Abstract

Low body mass index is closely related to a high risk of Alzheimer’s disease (AD) and related biomarkers including amyloid-β (Aβ) deposition. However, the association between sarcopenia and Aβ-confirmed AD remains controversial. Therefore, we investigated the relationship between sarcopenia and the AD continuum. We explored sarcopenia’s association with clinical implications of participants on the AD continuum. We prospectively enrolled 142 participants on the AD continuum (19 with preclinical AD, 96 with mild cognitive impairment due to AD, and 28 with AD dementia) and 58 Aβ-negative cognitively unimpaired participants. Sarcopenia, assessed using dual-energy X-ray absorptiometry and hand grip measurements, was considered a predictor. AD continuum, defined by Aβ deposition on positron emission tomography served as an outcome. Clinical severity in participants on the AD continuum assessed using hippocampal volume, Mini-Mental State Examination (MMSE), Seoul Verbal Learning Test (SVLT), and Clinical Dementia Rating Scale Sum of Boxes Scores (CDR-SOB) were also considered an outcome. Sarcopenia (odds ratio = 4.99, p = 0.004) was associated independently with the AD continuum after controlling for potential confounders.

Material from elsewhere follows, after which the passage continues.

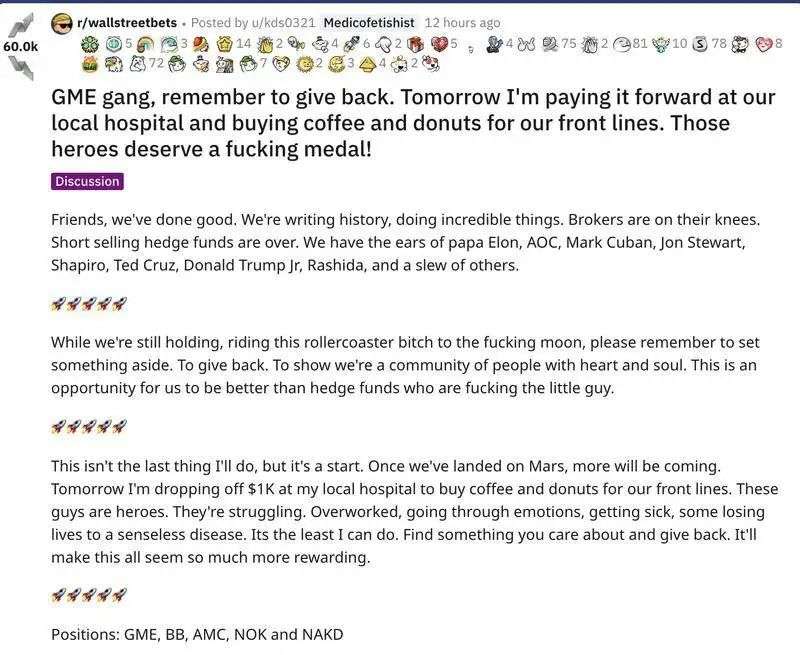另一位则表示,自己周末将买上咖啡、甜甜圈送到当地医院,慰问一线的医护人员,“GME gang, remember to give back!”

Moreover, sarcopenia was associated with poor downstream imaging markers (decreased hippocampal volume, β = − 0.206, p = 0.020) and clinical outcomes (low MMSE, β = − 1.364, p = 0.025; low SVLT, β = − 1.077, p = 0.025; and high CDR-SOB scores, β = 0.783, p = 0.022) in participants on the AD continuum. Sarcopenia was associated with the AD continuum and poor clinical outcome in individuals with AD continuum. Therefore, our results provide evidence for future studies to confirm whether proper management of sarcopenia can effective strategies are required for sarcopenia management to prevent the AD continuum and its clinical implications.